The Fmax values of intact versus dewaxed berries within a variety were analyzed using a Mann–Whitney U test. To visualize the chemical composition of the intra- and epicuticular wax compounds of all varieties, a principal component analysis (PCA) was performed. Therefore, zeros were replaced by very low random numbers (between 10–13 and 10–12) and data autoscaled (mean-centered to unit variance).
Results
Influences of Epicuticular Wax Layers on Fly Preferences and Performance
In dual-choice bioassays offering intact and dewaxed berries of the same variety, 66% of the test females had made a choice for one of the offered berry conditions within 24 h. Significantly more flies were sitting on or near dewaxed over intact berries (= location preference) of “Regent”, “Acolon”, “Pinot Noir”, and “Pinot Blanc” (Figures 2A–C,E and Table 2), whereas in assays with “Müller-Thurgau” flies showed no significant location preference (Figure 2D and Table 2). Likewise, significantly more eggs were found on dewaxed berries than on intact berries of most varieties except ‘Müller-Thurgau’ (Figures 2F–I and Table 2). The number of deposited eggs was about three (“Regent” and “Pinot Noir”) up to six times (“Pinot Blanc”) higher on the dewaxed compared to the intact berries.

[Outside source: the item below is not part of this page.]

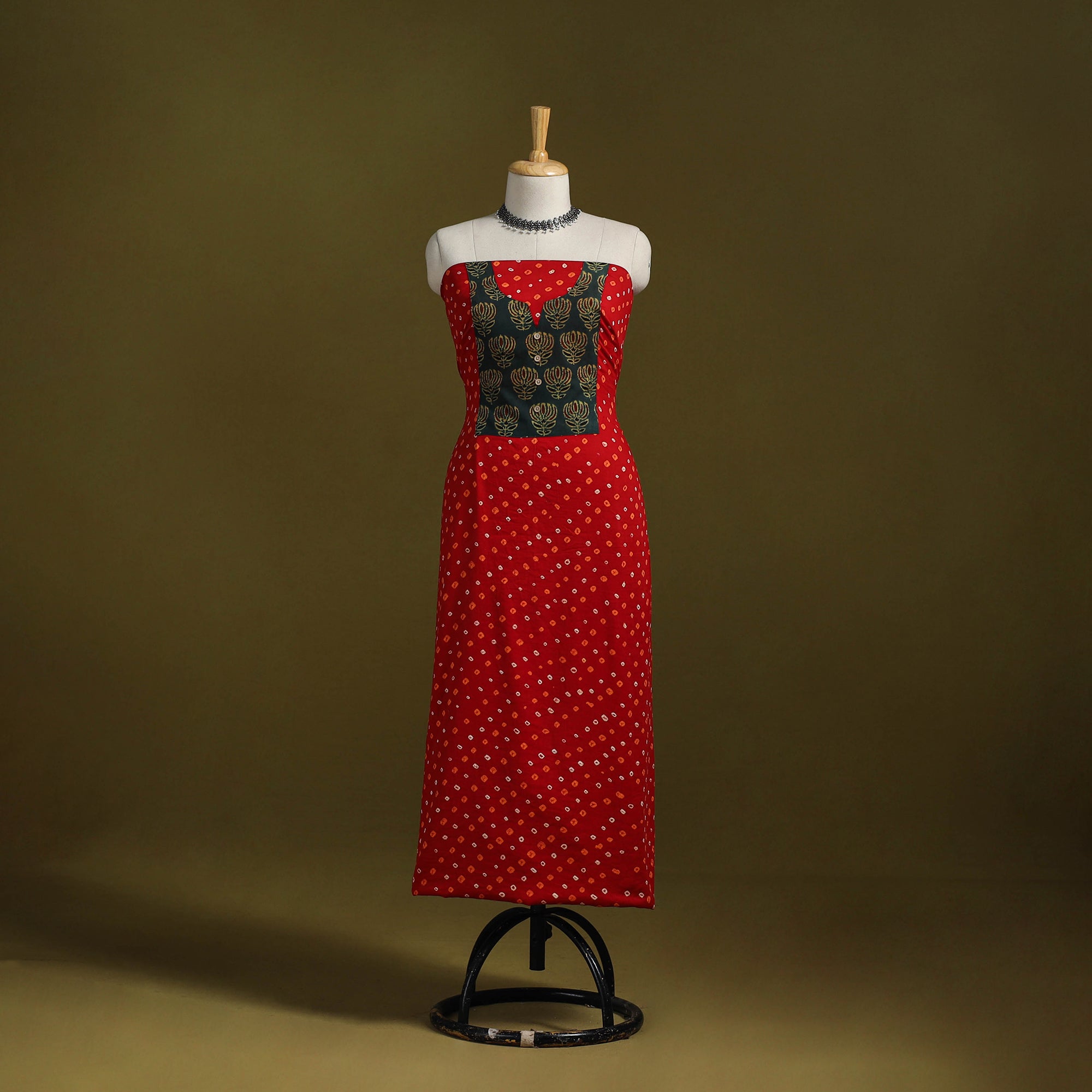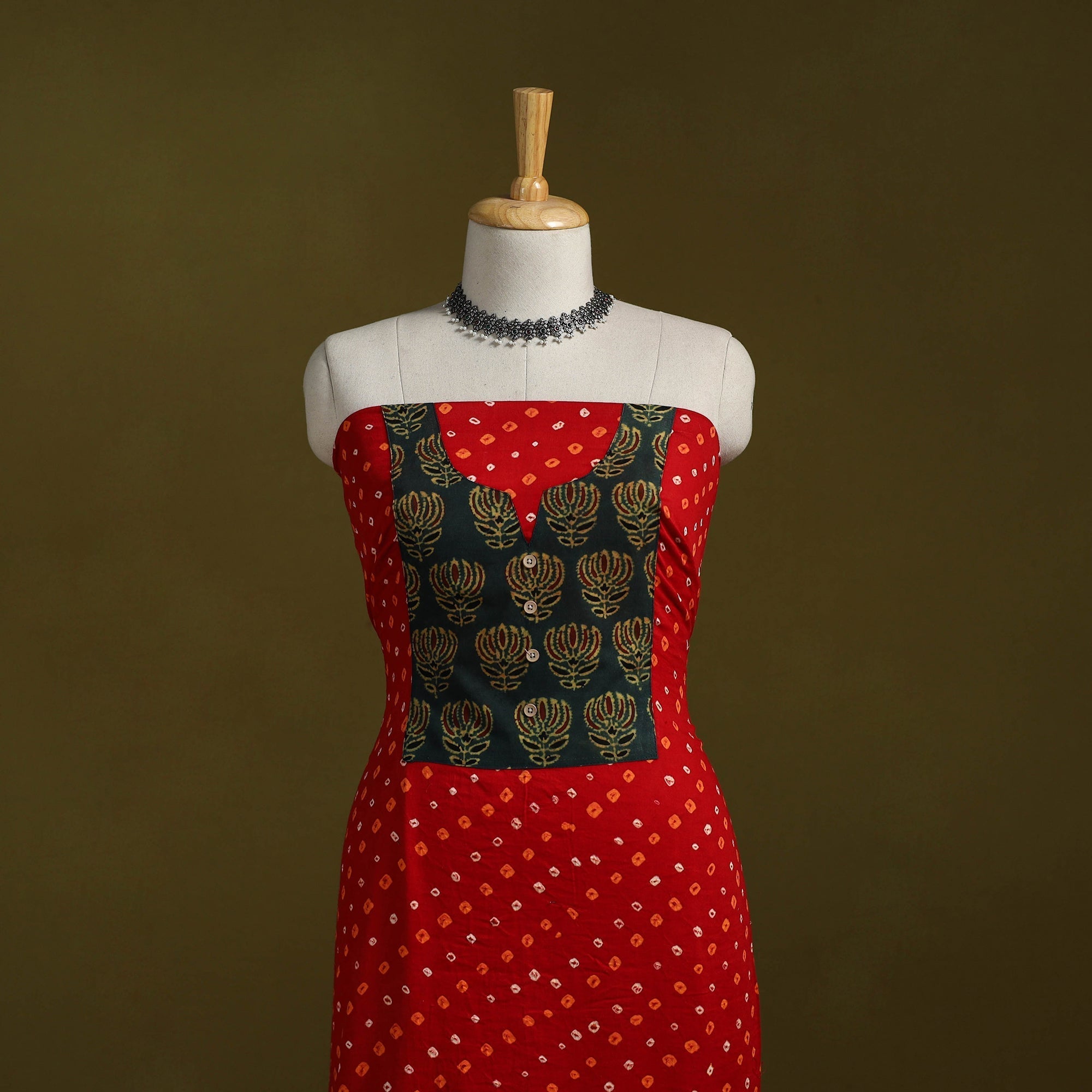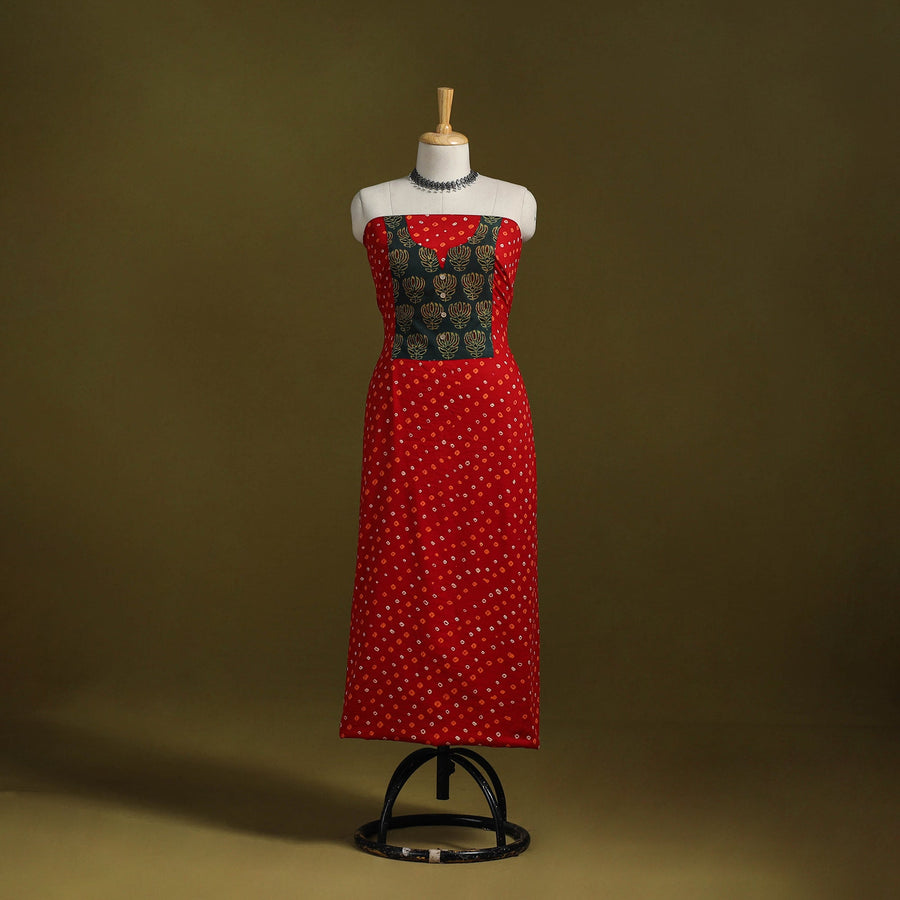 Red - Bandhani Patchwork Cotton Unstitched Kurta Material (3m) 17

Figure 2. Effects of grape berry condition on preferences of Drosophila suzukii. Fly number on or near berries within 1 cm radius (location preference; A–E) and the number of laid eggs per grape berry condition (oviposition preference; F–J) in dual-choice bioassays after 24 h. Adult female flies (n = 10 per arena) were given the choice between berries with intact waxes (intact) or epicuticular waxes removed (dewaxed) of “Regent” (R) (n = 30), “Acolon” (A) (n = 10), “Pinot Noir” (PN) (n = 20), “Müller-Thurgau” (MT) (n = 10), and “Pinot Blanc” (PB) (n = 10). Asterisks denote significant differences (n.s., not significant; P > 0.05), *P < 0.05, ***P < 0.001) between tested berry conditions (analyzed with LMMs; for statistical results see Table 2). Medians (gray lines) are presented with interquartile ranges (boxes), whiskers extend to the maximum and minimum values within the 1.5-fold interquartile range and outliers are shown as open circles. Black dots with error bars represent the least square means with their standard errors extracted from the LMMs, accounting for the specific error distribution of the response factor and for random effects.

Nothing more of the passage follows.